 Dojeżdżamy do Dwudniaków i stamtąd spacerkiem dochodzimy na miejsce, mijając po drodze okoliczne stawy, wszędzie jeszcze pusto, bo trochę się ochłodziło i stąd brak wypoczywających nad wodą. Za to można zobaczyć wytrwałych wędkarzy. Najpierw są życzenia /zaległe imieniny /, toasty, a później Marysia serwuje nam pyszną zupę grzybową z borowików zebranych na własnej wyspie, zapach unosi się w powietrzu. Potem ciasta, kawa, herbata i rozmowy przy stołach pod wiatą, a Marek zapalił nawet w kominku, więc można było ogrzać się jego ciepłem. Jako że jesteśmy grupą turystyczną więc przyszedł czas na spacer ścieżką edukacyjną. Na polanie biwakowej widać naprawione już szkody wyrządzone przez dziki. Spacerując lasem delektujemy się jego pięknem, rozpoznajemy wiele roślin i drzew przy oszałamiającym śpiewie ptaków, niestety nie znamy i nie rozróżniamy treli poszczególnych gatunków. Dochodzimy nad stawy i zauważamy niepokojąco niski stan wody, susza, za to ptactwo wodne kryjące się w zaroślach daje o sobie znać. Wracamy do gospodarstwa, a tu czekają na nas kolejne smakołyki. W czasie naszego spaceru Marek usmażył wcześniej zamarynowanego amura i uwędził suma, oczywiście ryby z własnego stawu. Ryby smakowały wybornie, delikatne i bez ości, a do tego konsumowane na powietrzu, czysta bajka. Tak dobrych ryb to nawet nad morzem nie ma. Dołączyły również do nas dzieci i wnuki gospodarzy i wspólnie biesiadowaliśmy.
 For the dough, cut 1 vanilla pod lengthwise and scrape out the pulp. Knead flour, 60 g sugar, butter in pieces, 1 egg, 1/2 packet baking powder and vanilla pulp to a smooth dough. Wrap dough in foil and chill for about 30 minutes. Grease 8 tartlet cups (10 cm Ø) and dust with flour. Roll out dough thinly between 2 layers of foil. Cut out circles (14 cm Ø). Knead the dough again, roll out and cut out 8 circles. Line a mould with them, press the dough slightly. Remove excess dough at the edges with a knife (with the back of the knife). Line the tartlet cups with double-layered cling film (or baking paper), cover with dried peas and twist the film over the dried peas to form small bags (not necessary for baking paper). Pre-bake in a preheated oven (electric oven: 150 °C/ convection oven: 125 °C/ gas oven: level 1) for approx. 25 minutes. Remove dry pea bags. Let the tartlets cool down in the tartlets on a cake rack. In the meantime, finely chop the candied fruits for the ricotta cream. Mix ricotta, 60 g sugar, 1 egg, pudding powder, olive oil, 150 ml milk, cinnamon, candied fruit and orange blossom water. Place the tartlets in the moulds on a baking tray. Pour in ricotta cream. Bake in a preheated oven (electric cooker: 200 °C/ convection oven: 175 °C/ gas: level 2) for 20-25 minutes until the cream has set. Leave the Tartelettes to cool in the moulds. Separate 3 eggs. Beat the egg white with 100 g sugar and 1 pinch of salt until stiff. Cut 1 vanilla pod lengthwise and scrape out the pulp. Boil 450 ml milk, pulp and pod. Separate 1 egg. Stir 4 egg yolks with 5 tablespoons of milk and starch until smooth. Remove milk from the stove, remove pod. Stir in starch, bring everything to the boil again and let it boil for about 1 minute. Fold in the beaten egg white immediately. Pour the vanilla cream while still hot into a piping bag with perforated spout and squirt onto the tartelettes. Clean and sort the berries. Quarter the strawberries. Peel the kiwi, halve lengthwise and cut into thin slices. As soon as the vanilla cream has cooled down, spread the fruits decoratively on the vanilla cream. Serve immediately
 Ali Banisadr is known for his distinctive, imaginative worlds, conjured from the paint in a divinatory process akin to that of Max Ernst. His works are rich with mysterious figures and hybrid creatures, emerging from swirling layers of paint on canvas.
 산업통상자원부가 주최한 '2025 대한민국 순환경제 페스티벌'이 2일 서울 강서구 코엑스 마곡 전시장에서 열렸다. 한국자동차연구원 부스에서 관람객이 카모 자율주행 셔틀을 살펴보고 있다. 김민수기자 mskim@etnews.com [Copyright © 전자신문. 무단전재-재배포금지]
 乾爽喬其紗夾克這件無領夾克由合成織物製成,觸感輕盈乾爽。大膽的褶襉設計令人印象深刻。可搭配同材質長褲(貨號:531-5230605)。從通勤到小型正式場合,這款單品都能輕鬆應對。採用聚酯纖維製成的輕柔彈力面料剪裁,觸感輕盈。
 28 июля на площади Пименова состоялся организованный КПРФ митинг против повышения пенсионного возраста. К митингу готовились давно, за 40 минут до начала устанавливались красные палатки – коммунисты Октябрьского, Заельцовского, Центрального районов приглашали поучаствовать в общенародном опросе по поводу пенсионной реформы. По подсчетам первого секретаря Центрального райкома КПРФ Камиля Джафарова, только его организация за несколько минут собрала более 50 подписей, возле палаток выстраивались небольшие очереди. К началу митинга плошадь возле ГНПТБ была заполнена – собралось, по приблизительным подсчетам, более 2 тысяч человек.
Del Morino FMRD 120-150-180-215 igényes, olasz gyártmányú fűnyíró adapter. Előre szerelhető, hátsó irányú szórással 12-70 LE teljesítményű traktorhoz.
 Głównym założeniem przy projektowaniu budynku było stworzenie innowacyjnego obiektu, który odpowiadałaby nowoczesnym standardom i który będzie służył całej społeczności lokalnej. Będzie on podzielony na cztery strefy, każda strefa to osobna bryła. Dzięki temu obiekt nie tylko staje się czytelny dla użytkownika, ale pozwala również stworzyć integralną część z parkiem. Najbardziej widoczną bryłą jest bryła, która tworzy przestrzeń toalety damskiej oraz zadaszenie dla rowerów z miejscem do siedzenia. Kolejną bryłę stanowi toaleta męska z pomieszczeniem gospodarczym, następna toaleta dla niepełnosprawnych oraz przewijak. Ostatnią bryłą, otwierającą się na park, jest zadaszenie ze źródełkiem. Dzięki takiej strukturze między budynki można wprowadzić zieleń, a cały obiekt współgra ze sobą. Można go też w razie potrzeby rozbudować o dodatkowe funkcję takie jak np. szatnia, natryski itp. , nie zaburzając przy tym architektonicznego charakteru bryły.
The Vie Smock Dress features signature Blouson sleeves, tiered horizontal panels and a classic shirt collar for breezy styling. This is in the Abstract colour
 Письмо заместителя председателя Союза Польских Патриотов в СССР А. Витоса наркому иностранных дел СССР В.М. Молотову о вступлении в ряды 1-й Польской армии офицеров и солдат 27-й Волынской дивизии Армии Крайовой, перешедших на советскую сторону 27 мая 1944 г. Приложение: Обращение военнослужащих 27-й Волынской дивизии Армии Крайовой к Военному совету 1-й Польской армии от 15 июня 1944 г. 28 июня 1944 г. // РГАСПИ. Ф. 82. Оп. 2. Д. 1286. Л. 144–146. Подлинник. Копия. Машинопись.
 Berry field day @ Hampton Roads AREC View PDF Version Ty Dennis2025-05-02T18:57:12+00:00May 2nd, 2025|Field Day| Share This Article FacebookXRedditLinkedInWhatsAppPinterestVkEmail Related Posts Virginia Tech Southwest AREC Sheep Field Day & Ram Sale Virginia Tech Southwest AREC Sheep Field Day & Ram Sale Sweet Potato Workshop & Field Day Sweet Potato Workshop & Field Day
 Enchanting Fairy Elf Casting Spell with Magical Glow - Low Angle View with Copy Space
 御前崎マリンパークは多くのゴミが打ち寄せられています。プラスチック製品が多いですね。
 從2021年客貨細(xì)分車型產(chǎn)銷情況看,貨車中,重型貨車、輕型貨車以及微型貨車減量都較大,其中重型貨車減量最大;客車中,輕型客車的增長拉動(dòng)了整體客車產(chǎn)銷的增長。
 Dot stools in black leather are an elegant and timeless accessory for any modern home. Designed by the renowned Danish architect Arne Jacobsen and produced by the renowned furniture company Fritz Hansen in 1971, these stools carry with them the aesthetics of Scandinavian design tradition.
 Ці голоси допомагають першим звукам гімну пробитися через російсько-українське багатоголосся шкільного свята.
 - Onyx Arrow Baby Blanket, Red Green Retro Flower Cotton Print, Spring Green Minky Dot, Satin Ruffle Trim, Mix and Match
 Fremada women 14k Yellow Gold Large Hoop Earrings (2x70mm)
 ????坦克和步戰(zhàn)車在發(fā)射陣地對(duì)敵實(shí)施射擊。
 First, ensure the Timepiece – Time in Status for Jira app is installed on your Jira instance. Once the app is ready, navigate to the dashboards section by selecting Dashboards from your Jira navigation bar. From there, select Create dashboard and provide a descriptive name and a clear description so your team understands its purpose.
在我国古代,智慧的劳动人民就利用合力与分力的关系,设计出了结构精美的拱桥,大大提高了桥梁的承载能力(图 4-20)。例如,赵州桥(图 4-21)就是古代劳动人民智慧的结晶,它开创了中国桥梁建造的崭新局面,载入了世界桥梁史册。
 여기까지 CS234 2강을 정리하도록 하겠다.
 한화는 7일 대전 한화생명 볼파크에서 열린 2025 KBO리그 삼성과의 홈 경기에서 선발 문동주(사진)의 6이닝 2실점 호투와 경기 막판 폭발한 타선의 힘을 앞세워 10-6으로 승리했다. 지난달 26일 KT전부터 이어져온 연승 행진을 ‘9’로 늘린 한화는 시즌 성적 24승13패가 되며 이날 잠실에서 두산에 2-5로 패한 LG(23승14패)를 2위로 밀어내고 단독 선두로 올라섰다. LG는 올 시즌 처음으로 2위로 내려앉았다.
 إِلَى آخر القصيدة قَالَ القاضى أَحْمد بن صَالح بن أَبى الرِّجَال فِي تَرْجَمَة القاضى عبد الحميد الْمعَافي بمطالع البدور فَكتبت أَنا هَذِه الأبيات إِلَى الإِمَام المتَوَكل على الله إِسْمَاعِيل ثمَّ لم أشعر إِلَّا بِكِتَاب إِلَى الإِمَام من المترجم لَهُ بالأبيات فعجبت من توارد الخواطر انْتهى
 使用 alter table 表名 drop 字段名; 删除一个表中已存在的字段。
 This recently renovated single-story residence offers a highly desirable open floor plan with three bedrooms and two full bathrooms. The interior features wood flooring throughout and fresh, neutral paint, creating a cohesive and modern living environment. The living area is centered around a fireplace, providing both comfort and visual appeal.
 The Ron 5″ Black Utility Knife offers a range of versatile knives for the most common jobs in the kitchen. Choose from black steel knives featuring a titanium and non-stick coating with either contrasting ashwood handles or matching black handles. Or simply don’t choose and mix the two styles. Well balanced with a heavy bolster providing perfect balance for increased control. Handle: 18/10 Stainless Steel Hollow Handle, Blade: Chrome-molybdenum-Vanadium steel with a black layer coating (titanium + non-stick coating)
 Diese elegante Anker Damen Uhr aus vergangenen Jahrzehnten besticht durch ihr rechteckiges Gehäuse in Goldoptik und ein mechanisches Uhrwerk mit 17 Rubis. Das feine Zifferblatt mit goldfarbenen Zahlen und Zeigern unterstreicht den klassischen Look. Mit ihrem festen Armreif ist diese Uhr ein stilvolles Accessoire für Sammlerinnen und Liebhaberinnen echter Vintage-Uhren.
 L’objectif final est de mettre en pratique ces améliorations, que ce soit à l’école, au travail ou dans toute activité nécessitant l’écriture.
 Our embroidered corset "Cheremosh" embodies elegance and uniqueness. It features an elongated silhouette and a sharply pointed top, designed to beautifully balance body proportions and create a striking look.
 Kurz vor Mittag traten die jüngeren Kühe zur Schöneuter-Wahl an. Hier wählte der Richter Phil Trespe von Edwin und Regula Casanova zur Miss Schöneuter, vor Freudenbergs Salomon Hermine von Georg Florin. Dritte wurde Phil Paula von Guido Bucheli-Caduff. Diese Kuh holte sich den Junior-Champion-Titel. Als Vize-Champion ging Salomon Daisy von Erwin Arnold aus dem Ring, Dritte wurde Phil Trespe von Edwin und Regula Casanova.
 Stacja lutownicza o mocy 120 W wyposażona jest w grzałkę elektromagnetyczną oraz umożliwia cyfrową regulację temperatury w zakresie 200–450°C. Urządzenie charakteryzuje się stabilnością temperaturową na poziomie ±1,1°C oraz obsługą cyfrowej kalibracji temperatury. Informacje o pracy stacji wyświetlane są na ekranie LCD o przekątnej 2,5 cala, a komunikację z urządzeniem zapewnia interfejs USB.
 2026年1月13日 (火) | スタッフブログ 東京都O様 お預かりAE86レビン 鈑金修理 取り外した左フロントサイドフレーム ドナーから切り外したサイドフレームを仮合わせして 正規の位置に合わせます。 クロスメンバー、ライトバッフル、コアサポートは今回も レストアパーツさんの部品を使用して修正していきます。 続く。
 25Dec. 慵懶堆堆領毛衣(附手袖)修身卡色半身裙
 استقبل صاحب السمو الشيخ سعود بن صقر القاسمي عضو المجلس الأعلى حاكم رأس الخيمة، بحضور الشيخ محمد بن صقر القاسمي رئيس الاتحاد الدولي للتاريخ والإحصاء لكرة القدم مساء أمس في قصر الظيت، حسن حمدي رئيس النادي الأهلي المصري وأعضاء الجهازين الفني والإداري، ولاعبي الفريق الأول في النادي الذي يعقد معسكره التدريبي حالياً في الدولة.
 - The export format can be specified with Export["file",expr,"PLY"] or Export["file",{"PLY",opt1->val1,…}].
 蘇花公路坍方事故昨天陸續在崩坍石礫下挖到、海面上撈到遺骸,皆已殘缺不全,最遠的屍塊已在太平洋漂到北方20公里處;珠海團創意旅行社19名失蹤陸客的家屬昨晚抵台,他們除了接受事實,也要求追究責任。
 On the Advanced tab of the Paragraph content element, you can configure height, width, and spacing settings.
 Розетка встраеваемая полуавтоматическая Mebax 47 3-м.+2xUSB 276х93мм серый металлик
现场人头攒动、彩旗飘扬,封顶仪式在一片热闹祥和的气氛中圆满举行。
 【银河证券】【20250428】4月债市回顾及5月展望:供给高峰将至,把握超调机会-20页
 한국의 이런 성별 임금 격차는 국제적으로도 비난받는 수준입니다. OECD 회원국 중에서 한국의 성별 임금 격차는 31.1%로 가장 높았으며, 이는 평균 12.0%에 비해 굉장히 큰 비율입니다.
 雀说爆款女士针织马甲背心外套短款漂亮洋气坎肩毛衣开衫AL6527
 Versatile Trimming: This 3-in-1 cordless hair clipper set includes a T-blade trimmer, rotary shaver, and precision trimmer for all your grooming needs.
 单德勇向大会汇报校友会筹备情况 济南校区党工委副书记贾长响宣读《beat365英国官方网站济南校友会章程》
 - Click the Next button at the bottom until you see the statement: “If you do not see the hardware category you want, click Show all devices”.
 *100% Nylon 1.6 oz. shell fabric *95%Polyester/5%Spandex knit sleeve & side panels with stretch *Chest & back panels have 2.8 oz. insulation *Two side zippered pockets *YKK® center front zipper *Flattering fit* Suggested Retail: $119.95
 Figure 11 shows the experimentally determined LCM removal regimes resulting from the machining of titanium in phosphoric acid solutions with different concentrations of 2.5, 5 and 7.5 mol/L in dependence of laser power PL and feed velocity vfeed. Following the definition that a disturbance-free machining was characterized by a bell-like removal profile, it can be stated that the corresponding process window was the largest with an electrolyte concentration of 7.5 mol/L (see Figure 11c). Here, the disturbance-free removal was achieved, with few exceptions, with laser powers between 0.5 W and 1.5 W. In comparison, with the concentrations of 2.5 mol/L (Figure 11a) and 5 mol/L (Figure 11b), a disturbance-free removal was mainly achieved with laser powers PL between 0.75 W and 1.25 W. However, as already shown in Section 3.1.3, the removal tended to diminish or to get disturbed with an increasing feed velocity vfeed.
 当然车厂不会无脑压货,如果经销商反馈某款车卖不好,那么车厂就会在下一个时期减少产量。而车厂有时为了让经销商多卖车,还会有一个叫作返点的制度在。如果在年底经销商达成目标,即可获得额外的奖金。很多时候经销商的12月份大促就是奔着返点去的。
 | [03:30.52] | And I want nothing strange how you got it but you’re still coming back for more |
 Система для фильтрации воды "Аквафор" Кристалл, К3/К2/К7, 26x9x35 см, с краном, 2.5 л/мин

────────

**EXERCISE DESCRIPTION**
Whenever a line of the data includes the word "black", show that line in full.

**RESPONSE BOX**
 Dot stools in black leather are an elegant and timeless accessory for any modern home. Designed by the renowned Danish architect Arne Jacobsen and produced by the renowned furniture company Fritz Hansen in 1971, these stools carry with them the aesthetics of Scandinavian design tradition.
 The Ron 5″ Black Utility Knife offers a range of versatile knives for the most common jobs in the kitchen. Choose from black steel knives featuring a titanium and non-stick coating with either contrasting ashwood handles or matching black handles. Or simply don’t choose and mix the two styles. Well balanced with a heavy bolster providing perfect balance for increased control. Handle: 18/10 Stainless Steel Hollow Handle, Blade: Chrome-molybdenum-Vanadium steel with a black layer coating (titanium + non-stick coating)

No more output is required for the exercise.